**Listed entries:**
******************************
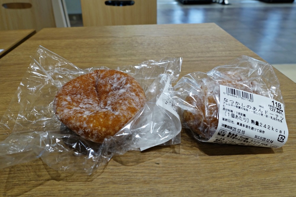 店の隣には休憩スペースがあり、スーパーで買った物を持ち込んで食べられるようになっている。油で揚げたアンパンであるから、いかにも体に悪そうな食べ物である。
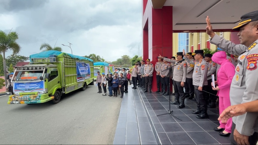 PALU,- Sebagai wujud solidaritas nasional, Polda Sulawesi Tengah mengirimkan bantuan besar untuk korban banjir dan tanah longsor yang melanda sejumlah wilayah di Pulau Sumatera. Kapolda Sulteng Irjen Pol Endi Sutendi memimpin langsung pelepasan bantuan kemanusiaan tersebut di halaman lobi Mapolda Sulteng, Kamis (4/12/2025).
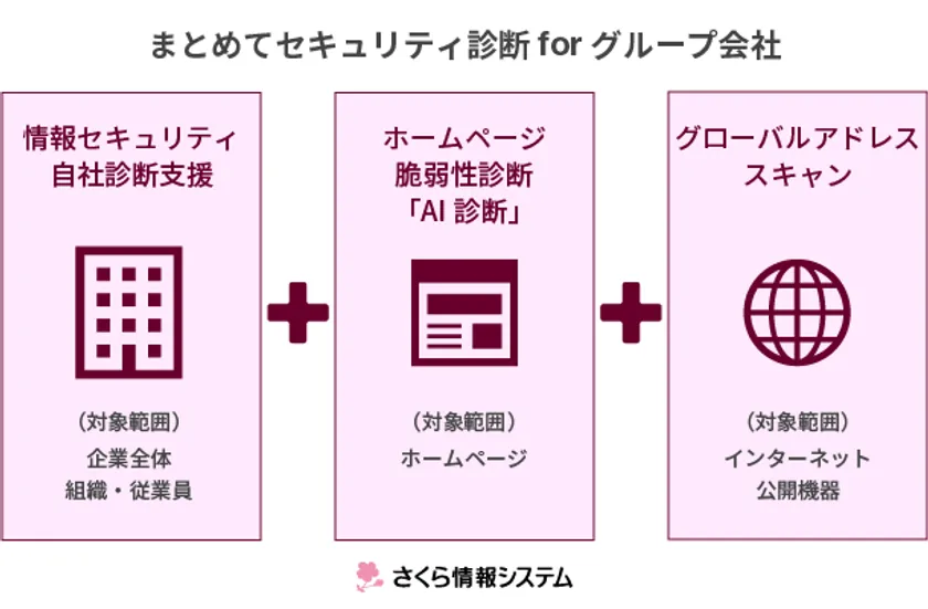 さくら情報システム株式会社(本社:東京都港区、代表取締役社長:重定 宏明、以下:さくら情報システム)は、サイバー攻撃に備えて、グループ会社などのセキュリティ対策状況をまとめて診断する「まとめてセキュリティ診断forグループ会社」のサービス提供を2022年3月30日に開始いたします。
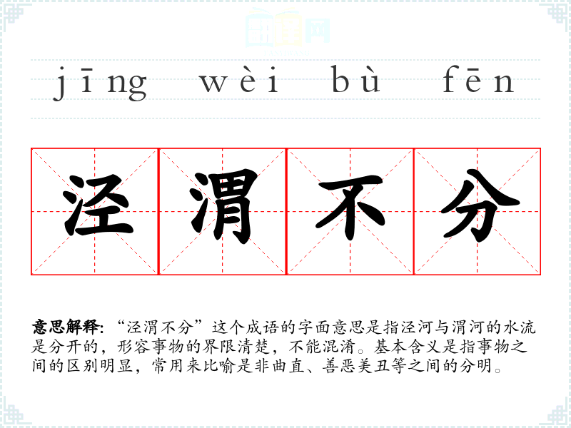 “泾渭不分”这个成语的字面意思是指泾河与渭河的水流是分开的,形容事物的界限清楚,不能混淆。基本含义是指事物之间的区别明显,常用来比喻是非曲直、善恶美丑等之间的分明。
******************************
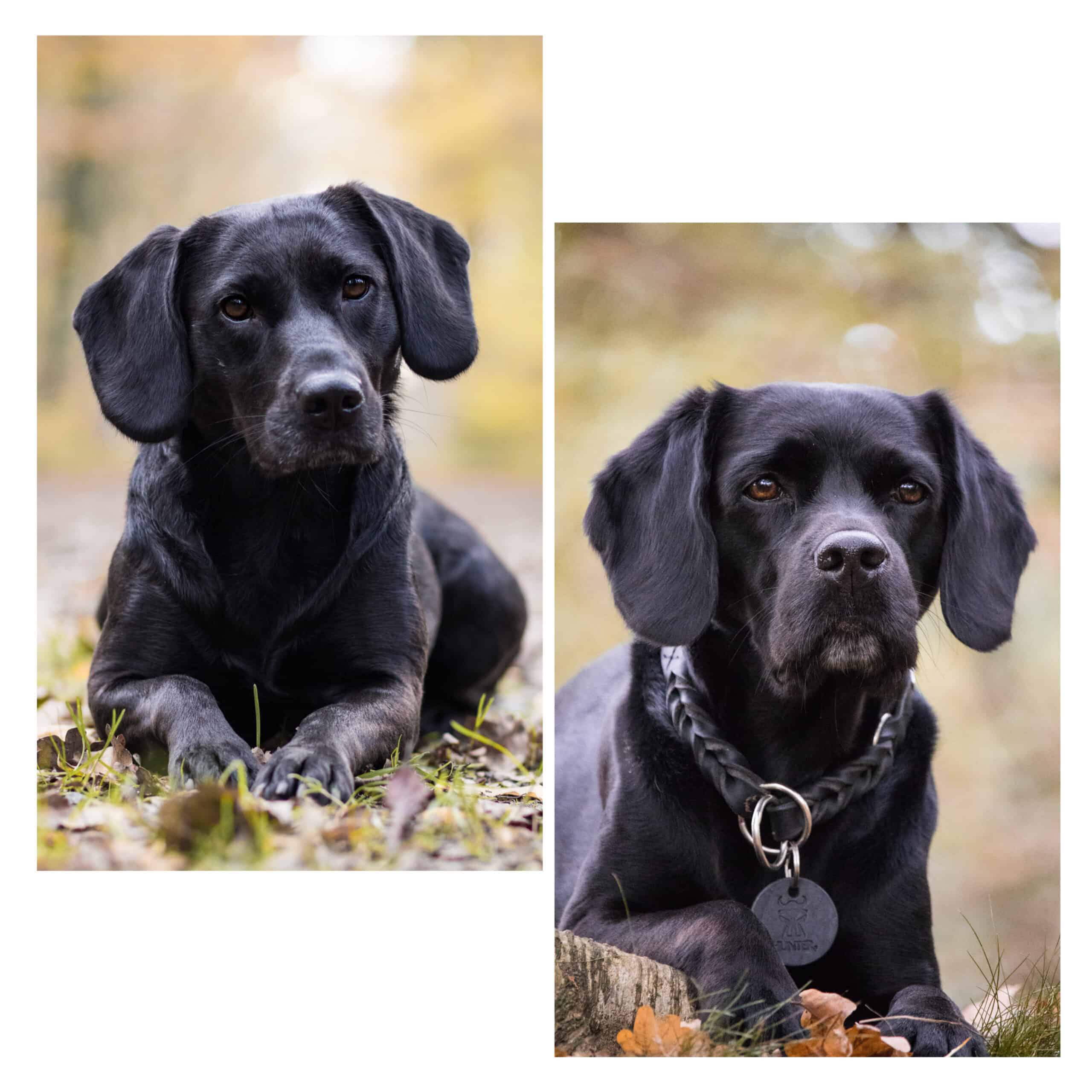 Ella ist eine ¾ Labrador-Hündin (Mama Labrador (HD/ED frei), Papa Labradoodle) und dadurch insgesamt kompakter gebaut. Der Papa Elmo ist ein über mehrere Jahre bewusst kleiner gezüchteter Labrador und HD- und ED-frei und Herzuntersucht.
******************************
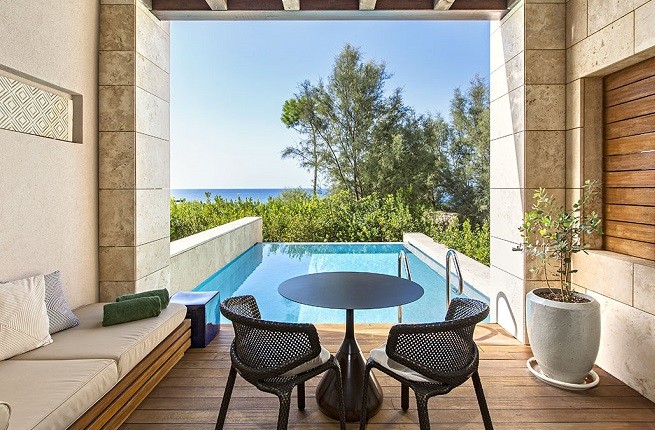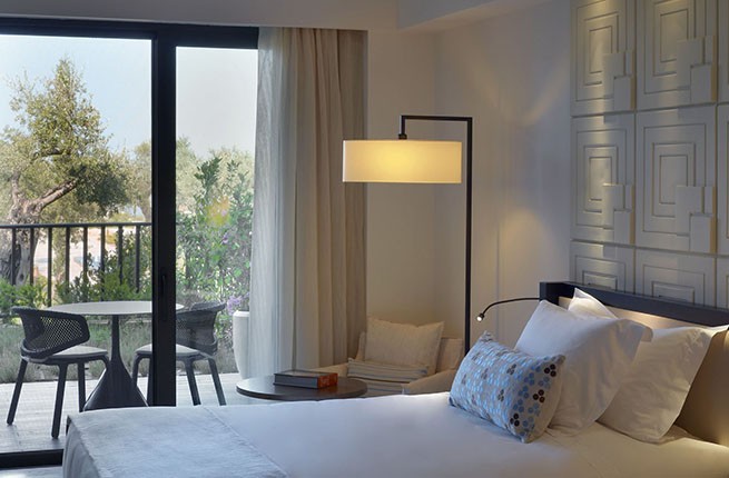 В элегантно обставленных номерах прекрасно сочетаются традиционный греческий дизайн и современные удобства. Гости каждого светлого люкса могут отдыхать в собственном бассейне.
******************************
Begin at the line in the entries above that has "店の隣には休憩スペースがあり", stop after the line that has "PALU,- Sebagai wujud", and output exactly those lines without pictures.

 店の隣には休憩スペースがあり、スーパーで買った物を持ち込んで食べられるようになっている。油で揚げたアンパンであるから、いかにも体に悪そうな食べ物である。
 PALU,- Sebagai wujud solidaritas nasional, Polda Sulawesi Tengah mengirimkan bantuan besar untuk korban banjir dan tanah longsor yang melanda sejumlah wilayah di Pulau Sumatera. Kapolda Sulteng Irjen Pol Endi Sutendi memimpin langsung pelepasan bantuan kemanusiaan tersebut di halaman lobi Mapolda Sulteng, Kamis (4/12/2025).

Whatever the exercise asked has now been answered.